Honestly, he didn’t look old enough.

‘How old are you, George?’

‘Twenty.’

‘Did you break any of the Fräuleins’ hearts?’

‘No,’ grinned George – and bless him, he blushed – ‘we didn’t do much of that sort of fraternising. Plenty of drinking though! Those Germans know how to drink.’

Somehow, we got to Middleton Parva. And as we did, so the sun came out, just as Marje’s postman had said it would. It was really pretty. There was a proper village green with trees, a couple of little shops, a very attractive church, which I’d never noticed before, probably because it’s hidden behind B&Q. This couldn’t be a film set, could it? This was something else. Something much bigger. But quite what, I didn’t want to think about just yet. Too scary. Much too scary. My skin went cold and clammy as I tried to think about it. No. Easier to get on with work.
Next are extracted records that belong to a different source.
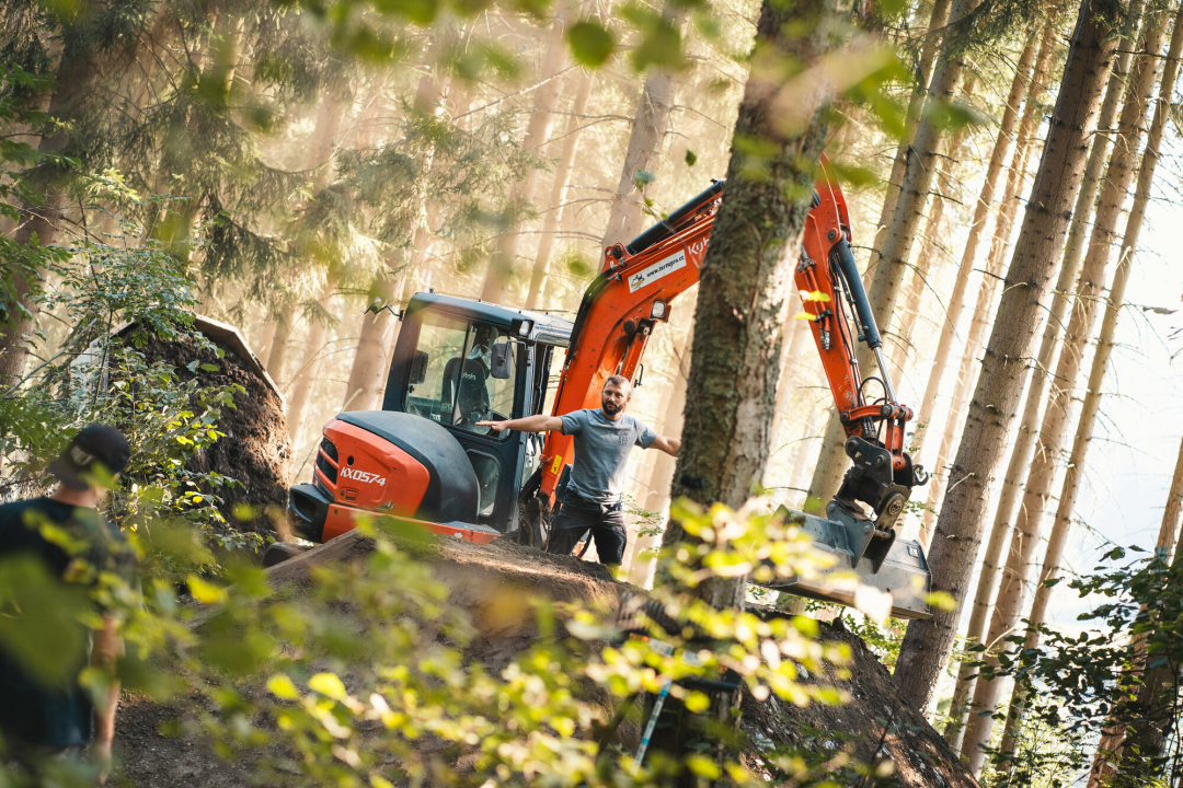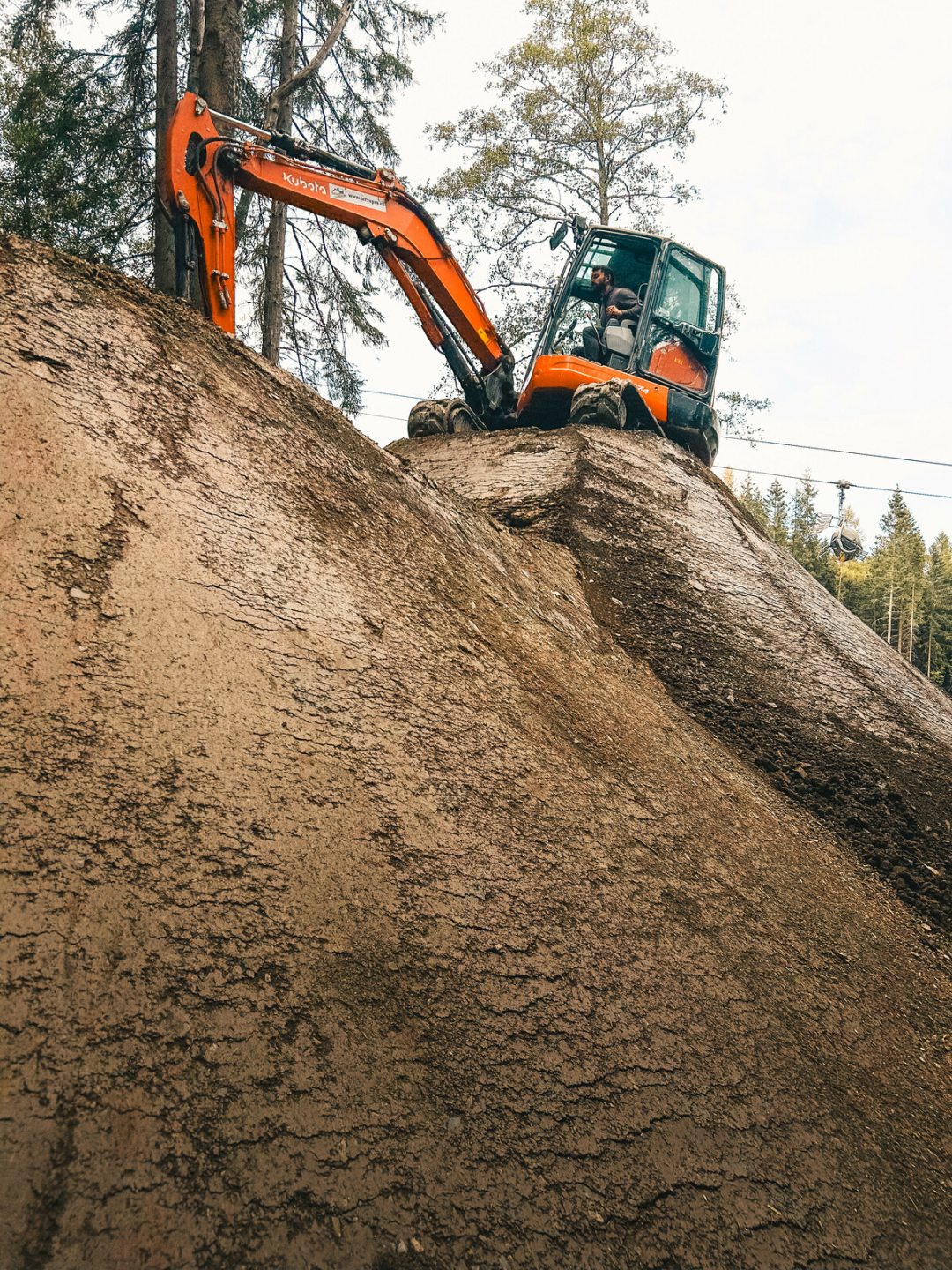 Uff, to je otázka. Začátky na Kopřivné nebyly vůbec jednoduché. Byli jsme jen 3 a většinou nás nenechali dělat v bikeparku, ale pouze práce v areálu. Měli jsme jen čtyřkolku, lopatu a hrábě. Plus na jeden měsíc v sezoně půjčený bagr, se kterým ale nikdo z nás neuměl. Teď máme 3 bagry, 3 dumpery a někdy je nás i 8 a děláme to full time.
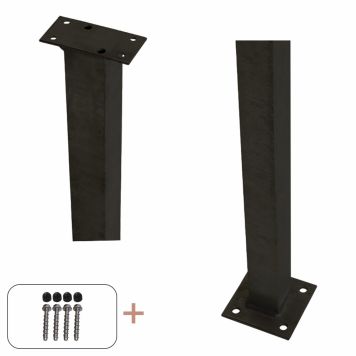 Denne stolpefoten er spesielt tilpasset for rekkverk montert på fundament eller terrassegulv. Den har en flensbredde på 4,5 centimeter og en høyde på 103,3 centimeter, noe som gjør den perfekt for ditt rekkverk. Stolpefoten har en lengde på 9,5 centimeter, og skruer medfølger for montering.
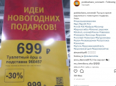 С приближением Нового года сетевые магазины устраивают различные акции. Один из супермаркетов решил помочь воронежцам выбрать подарок на праздники и предложил приобрести туалетный ершик. Владельцы магазина уценили товар на целых 300 рублей и подписали лаконичной фразой – «Идеи новогодних подарков».

While George went off to scout for pictures, I went to the post office and struck gold straightaway. The postmistress’s family had been running the place since the days when mail came with the stagecoach, so that was a nice easy story to write up. Then I found the vicar, and we did pretty pictures of the church and talked about its history and looked at a few interesting graves.

‘What now?’ asked George.

‘The lady from the post office said the pub was run by a cockney, a chap who came here as an evacuee during the war. He must have liked it to stay. No doubt he’ll have a tale to tell. Shall we?’

‘A pub will do me fine. We’ll get a drink while we’re there. But which one?’

There were two pubs on either side of the green. One, the Royal Oak, was low and squat and old-fashioned. It had small windows, and beams that made it look as though it had grown up out of the ground and would return to it given half a chance. The other, the Rising Sun, was a big flash newer sort of place with a car park. It had beams too, but you could tell they weren’t very old. There was a sign in the window. I went closer to read it.

‘No Gypsies! No Irish!’ it said.

I stepped back, shocked.

‘Can they really say that?’

‘Yes, of course. The fair’s been here recently, that’s what that’s all about. They don’t want gyppos upsetting their posh customers. Is this the pub we want?’